Within the entries below, count the lines that hold the string "feel" and give only that number.

> Data
----------
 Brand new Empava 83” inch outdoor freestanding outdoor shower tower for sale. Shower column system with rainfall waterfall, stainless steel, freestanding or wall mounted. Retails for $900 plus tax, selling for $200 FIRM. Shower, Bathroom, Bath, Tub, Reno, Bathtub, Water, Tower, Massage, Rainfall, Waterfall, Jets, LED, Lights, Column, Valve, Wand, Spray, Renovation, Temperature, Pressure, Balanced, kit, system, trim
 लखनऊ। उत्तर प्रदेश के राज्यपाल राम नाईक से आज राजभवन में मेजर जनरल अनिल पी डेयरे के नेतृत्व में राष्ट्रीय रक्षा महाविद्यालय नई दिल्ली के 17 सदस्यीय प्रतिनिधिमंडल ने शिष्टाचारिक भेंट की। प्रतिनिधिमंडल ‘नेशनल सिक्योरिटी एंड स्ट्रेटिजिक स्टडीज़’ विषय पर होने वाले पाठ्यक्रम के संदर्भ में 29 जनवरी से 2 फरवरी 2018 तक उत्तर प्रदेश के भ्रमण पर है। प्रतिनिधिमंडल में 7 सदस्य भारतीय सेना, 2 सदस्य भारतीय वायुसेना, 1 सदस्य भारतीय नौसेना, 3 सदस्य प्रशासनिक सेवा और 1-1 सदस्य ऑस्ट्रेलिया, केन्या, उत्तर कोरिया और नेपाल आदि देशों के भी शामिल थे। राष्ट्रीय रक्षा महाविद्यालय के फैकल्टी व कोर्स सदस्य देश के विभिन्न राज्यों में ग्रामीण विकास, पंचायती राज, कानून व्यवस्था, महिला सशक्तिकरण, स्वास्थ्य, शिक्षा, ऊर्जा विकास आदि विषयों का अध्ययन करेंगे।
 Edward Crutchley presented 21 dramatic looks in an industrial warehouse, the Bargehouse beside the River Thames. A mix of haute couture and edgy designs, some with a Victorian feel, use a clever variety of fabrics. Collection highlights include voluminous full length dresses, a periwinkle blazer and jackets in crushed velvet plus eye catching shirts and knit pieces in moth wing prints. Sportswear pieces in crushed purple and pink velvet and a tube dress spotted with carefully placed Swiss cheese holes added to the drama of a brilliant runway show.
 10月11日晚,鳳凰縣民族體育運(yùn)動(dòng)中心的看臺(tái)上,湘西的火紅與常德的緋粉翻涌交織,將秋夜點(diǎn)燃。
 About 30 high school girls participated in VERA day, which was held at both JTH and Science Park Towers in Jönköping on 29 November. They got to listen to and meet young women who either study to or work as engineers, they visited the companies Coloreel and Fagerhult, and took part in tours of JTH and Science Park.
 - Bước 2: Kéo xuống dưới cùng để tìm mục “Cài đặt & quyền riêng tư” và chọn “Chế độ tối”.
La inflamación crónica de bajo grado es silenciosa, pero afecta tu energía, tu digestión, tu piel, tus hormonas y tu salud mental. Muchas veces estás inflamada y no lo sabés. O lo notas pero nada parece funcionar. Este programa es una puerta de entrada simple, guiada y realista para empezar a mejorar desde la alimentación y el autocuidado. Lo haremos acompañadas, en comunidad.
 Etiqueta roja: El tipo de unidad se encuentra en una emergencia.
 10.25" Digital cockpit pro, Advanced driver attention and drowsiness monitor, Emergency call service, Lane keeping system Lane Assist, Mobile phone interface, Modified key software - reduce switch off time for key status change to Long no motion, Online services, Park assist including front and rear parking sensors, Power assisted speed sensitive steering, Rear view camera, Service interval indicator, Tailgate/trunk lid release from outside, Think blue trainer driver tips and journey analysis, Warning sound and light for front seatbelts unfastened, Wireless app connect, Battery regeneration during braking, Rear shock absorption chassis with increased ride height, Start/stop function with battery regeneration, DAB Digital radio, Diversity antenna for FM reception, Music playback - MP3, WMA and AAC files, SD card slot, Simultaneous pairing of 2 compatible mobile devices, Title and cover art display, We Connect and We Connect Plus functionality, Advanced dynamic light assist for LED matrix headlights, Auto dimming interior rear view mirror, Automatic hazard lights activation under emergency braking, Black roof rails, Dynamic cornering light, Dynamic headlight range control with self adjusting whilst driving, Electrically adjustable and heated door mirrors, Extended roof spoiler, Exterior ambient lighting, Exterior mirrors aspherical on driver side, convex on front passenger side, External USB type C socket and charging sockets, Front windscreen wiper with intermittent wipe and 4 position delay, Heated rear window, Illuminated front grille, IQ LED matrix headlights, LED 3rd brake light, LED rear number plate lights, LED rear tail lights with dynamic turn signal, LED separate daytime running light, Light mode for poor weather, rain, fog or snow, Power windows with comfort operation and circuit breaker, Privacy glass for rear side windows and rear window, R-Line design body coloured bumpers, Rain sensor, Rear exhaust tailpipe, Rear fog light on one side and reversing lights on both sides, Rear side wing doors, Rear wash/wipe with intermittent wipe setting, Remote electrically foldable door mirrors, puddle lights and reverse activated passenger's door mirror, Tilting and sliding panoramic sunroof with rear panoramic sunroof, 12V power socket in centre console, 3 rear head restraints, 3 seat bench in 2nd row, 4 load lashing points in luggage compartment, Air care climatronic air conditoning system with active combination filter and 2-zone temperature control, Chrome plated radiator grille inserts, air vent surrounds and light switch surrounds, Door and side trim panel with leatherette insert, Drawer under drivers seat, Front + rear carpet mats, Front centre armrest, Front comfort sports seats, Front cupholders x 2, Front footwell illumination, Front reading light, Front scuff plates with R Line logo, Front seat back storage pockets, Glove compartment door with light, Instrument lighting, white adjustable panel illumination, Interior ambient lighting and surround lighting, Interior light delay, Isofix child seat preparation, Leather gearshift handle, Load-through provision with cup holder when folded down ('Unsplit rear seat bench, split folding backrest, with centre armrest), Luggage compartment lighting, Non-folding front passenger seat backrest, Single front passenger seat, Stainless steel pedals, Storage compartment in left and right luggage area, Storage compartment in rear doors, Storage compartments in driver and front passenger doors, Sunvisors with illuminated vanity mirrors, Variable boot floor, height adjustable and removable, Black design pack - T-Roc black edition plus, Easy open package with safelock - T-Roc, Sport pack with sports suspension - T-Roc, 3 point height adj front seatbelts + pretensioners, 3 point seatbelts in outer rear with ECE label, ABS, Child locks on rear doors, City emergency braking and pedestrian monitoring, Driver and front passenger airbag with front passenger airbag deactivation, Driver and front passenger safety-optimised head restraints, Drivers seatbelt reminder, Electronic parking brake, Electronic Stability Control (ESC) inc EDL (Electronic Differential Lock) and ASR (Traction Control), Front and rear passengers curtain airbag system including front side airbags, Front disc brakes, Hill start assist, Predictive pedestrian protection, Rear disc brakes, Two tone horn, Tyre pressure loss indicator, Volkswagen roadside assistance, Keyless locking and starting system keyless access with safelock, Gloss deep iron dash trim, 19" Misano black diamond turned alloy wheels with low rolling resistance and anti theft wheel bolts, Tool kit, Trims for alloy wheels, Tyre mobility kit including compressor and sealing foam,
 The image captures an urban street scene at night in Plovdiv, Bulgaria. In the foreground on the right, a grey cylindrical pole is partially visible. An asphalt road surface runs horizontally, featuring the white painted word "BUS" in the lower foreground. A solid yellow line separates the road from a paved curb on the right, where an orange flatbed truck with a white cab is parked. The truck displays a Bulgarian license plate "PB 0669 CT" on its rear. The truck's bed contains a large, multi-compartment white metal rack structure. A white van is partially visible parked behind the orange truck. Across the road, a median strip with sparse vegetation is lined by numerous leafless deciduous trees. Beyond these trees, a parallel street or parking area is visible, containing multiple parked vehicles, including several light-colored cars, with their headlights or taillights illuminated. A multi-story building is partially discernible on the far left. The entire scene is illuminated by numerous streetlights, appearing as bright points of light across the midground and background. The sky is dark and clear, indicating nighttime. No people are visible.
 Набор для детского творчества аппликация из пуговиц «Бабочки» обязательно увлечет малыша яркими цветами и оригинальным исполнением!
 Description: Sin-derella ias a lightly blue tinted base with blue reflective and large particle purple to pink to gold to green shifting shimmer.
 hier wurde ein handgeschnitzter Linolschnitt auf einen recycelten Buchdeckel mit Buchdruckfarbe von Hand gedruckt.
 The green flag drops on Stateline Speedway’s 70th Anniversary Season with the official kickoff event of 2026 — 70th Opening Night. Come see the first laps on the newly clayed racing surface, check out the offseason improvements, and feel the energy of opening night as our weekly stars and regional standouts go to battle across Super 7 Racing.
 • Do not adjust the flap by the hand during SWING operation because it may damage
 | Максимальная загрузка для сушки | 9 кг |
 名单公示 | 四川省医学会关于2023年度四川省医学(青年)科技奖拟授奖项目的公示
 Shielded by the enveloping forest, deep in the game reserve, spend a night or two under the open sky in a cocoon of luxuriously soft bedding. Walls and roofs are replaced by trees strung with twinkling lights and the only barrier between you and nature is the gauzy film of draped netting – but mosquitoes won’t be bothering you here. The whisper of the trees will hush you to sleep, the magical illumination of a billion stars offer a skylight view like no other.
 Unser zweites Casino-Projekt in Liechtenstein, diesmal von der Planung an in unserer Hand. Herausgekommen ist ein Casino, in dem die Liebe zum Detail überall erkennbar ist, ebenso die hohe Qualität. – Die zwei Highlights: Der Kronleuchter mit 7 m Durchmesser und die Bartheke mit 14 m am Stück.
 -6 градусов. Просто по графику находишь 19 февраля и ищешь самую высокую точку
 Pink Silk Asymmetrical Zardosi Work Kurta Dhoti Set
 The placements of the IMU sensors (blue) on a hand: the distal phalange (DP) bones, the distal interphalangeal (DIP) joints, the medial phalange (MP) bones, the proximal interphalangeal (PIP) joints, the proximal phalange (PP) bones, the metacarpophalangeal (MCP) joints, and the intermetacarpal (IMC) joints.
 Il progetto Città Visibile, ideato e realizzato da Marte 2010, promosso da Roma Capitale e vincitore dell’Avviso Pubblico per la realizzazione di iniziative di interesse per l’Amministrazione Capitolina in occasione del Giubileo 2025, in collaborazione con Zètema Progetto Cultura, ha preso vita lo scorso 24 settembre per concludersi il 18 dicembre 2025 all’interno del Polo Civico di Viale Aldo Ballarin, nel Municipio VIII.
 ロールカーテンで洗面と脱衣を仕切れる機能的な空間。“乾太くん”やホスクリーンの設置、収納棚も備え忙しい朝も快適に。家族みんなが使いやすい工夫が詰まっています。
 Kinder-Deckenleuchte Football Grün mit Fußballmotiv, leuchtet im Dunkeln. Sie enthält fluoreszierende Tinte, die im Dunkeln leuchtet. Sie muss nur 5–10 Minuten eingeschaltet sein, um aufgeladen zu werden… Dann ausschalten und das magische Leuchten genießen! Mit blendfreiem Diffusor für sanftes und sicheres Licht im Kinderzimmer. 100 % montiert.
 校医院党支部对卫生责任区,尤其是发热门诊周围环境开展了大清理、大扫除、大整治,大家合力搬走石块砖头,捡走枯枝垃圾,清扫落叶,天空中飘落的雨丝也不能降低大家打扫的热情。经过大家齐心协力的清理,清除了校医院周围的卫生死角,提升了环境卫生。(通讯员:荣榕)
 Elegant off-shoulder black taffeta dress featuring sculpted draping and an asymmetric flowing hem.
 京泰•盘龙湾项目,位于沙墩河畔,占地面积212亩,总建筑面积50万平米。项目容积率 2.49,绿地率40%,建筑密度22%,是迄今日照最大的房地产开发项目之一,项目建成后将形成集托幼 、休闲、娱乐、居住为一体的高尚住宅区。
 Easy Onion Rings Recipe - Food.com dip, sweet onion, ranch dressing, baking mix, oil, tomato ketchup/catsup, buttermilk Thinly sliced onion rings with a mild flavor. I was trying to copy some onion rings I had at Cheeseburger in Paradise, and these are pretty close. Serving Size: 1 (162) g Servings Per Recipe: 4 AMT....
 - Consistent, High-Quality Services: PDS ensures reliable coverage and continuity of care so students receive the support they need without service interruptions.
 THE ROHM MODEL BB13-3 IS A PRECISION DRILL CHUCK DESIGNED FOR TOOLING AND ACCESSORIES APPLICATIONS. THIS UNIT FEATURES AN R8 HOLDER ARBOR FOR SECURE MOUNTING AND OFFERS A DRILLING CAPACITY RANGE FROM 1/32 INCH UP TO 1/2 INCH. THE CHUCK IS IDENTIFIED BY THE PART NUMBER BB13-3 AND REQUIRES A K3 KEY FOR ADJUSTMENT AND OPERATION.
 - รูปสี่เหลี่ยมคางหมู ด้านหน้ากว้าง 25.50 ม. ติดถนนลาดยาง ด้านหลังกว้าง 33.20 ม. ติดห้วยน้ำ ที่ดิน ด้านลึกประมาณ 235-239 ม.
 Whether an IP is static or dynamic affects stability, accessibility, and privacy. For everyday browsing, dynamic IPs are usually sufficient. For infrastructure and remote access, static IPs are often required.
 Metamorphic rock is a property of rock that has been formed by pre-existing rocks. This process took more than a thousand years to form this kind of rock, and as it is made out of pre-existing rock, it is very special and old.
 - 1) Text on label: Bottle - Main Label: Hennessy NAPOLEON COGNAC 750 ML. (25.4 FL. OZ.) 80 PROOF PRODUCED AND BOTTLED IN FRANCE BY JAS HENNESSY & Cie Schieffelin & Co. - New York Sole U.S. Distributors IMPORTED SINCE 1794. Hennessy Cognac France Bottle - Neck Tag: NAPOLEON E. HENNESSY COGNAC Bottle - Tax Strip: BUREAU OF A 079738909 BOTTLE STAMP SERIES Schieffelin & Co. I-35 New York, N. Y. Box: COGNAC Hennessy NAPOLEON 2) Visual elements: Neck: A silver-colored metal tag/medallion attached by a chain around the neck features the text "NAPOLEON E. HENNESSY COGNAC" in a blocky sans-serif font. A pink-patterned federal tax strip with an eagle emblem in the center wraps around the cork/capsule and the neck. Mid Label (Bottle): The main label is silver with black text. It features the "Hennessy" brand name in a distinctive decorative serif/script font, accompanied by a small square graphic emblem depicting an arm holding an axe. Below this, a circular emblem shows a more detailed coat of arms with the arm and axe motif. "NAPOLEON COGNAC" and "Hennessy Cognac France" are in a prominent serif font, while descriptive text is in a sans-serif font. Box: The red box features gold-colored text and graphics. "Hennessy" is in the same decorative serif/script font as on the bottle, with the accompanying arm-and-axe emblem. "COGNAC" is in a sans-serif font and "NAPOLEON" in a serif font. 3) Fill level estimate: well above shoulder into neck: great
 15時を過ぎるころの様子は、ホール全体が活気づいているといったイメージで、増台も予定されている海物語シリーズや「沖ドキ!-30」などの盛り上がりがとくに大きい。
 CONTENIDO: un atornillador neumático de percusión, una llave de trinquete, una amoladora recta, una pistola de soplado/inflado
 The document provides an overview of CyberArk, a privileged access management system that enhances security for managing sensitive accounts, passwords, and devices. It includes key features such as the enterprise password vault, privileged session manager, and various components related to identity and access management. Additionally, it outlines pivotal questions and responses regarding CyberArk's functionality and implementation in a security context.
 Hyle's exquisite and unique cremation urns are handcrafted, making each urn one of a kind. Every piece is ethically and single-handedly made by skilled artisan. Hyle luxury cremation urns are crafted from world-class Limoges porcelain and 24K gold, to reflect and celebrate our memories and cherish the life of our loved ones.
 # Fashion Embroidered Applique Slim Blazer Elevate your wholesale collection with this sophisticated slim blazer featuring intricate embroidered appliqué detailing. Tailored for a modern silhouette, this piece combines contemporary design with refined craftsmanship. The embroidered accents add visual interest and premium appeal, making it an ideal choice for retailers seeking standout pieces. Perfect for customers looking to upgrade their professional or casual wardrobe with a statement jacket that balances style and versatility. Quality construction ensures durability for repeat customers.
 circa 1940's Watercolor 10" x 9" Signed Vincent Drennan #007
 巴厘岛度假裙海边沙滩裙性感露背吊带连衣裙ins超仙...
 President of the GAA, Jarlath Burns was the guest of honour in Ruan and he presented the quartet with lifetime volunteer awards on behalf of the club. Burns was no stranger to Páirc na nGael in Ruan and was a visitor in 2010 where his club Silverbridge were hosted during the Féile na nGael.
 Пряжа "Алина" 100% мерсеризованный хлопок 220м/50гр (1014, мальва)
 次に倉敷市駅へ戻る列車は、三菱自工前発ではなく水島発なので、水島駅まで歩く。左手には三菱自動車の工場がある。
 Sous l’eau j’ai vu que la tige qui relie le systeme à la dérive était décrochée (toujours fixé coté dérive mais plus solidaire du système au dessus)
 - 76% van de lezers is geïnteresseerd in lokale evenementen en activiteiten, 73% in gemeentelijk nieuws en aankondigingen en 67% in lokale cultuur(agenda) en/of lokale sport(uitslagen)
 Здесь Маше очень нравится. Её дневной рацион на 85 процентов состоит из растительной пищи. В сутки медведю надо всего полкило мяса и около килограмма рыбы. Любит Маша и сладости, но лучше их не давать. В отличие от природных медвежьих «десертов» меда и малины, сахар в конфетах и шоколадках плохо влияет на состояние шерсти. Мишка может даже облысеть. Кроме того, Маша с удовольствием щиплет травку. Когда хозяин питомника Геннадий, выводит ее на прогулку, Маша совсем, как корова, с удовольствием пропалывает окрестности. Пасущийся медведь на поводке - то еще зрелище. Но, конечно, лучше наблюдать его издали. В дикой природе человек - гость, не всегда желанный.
----------
> Response below
2